The Mudcat Café TM
Thread #157132   Message #3706334
Posted By: Stanron
04-May-15 - 09:07 AM
Thread Name: BS: Pro / Anti Thatcher Squabble Thread...
Subject: RE: BS: Pro / Anti Thatcher Squabble Thread...
I am not a big fan of statistics, after all if you can't lie with statistics you're not really trying. However for those of you who can't be bothered to plough through the links provided by Jim Carroll here's a synopsis of one of them. It's from the BBC so I can't really attack it as dodgy at source. I'll leave it to someone else to do the other one.

Inflation down from nearly 25% in 1976 to approximately 2% in 1993. Isn't that a good thing?

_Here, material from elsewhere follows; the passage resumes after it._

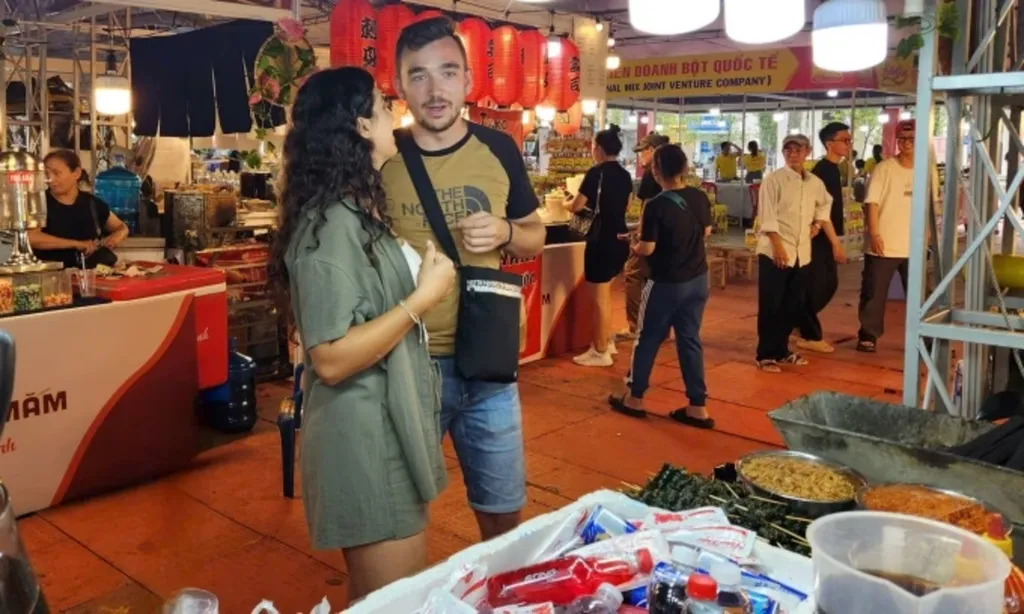 | Maria et son ami cherchent des plats vietnamiens lors du festival le soir du 23 octobre. |

In the same period unemployment doubled from 1.5 milliom to 3. Obviously not a good thing but an inevitable result of resizing our industrial base all in one go. This could have been managed over a fifty year period had the unions allowed anyone to attempt it, and the dreadful effects that came from this might have been ameliorated.

Coal production came down. Big deal. What's the point in mining it if you don't use it? I don't remember much talk about CO2 emissions back then but didn't we still have coal gas at the start of that period and North Sea gas at the end?

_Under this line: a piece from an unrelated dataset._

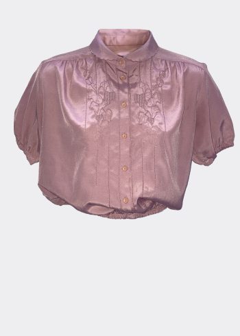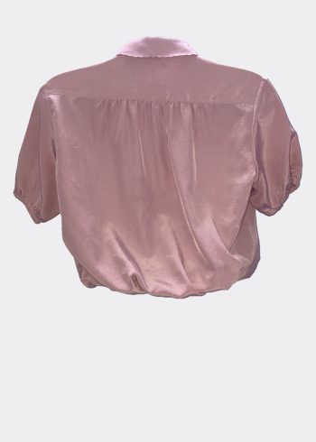 Pink 1950s Nylon Rose Puff Sleeve Gown

GDP Two recessions and two booms. The commentary links the the recessions to the attempts to reduce inflation. In the long term inflation has been reduced. I remember thinking at the time of Blaire's election that it was kind of ironic that the Tories had finally stabalised the economy only to be thrown out and unable to build on it. Is the same thing about to happen again?

Interest rates. A 17% high in 1980 down to just over 5% in 1993. Anyone fancy paying 17% on their mortgage?

Council houses. She sold em. Yes OK and she also kept the money. She was, of course, at war with Labour councils or rather they were at war with her. I presume she had no intention of funding such a vigorous opposition.

House prices. They went up until 1989 then started to fall back again. I wouldn't be surprised if they went up again later on.

So what exactly does any of this prove except that the economy was a real basket case when she came into office and it was more or less sorted before Blaire and Browne got their chance to screw it all up again.